It is “the initial mystery” that is exciting when you are first starting out with someone new. It is the lure that keeps your attention & wanting more. Being too available or too accommodating in the initial stages changes that dynamic, which inevitably causes new encounters to fizzle. People need to hold back a little piece of themselves in the beginning & let time take its’ course. Why are we always in such a rush to prove ourselves to the “new” person? Listening to them is important & will help you decide if there is a trust or bond forming before you divulge every sorted detail of why you are a great catch. Playing a “little” hard to get is not such a bad thing if handled correctly.
The main objective is to understand why some relationships do not develop past the first 3 dates.
Can you relate to this & are you a victim of this pattern? While it is great to be honest, giving “all of you” in the first few dates will quickly be the demise of a follow up date. No one is looking for your auto biography and if you lay out everything too quickly the mystique is gone & you are already predictable.
When purchasing a book, what is the first thing that draws your attention?
The cover and title correct? Would you go into the bookstore, pick up an interesting book and read the last chapter first? Would this be appealing? Where is the intrigue and story build-up? A quick beginning and hasty ending would be an unappetising read. The substance and the meat of the story are in the middle of the book, which is the same for a relationship!

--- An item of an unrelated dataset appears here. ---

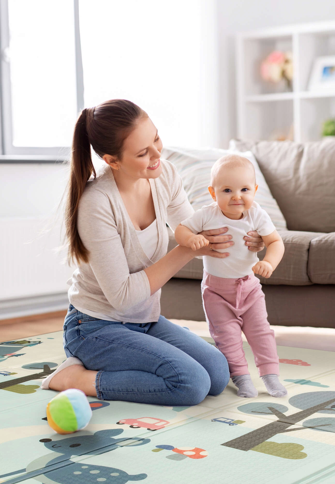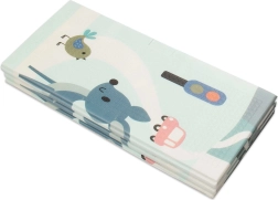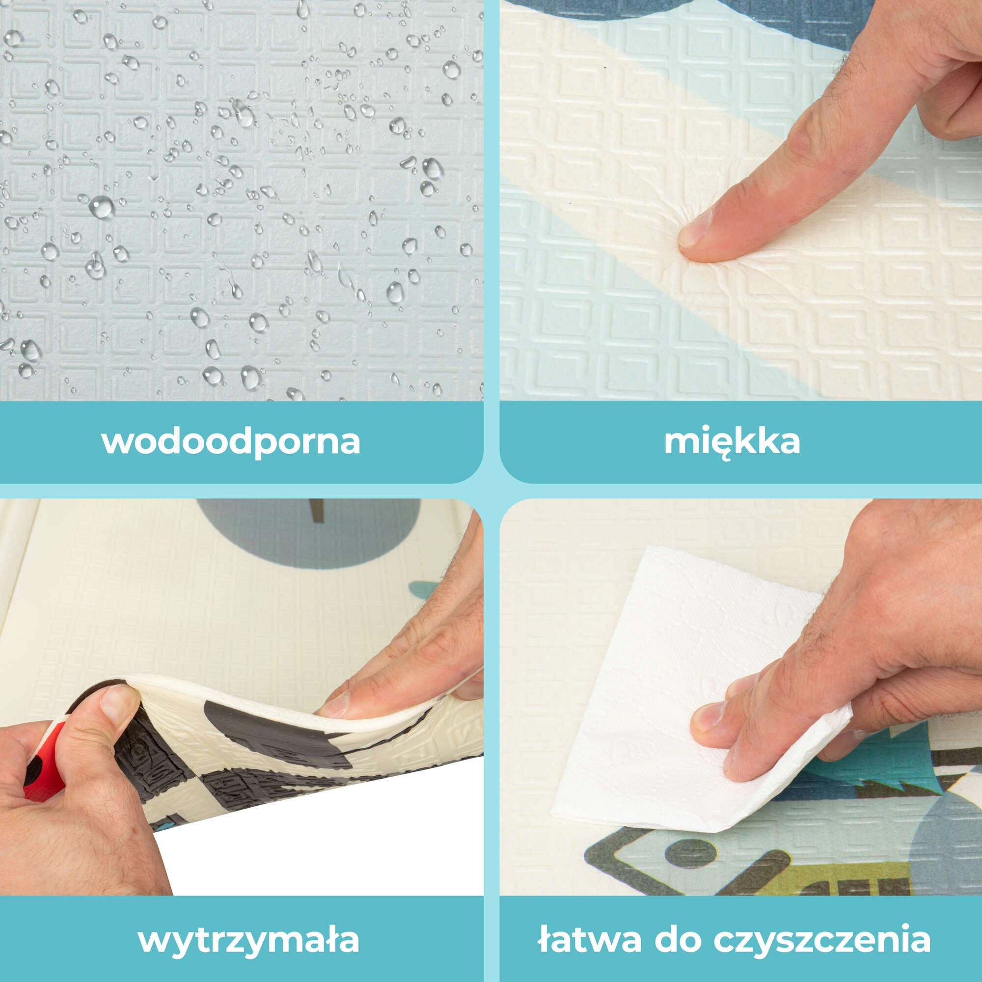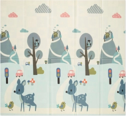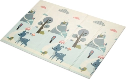 Prémiová pena XPE zabezpečuje výborné tlmenie nárazov, tepelnú izoláciu od studenej podlahy a dlhú životnosť. Obe strany podložky majú iné, edukatívne potlače – jemná „lesná cesta“ s rozkošnými zvieratkami a kontrastné motívy pre vizuálnu stimuláciu najmenších. Vďaka protišmykovej štruktúre je ideálna na bezpečnú hru, tummy-time aj učenie sa plaziť a chodiť.

A person wants to feel special, but not at someone’s expense. If they are living “for you” and giving up their own needs constantly to please you, how can you respect them in the long run? They are actually co-dependent because they need to make you “their everything” to be happy. No one wants someone who is a door mat. The couples that work well together have a natural balance. They make time for themselves & each other equally so there is no resentment.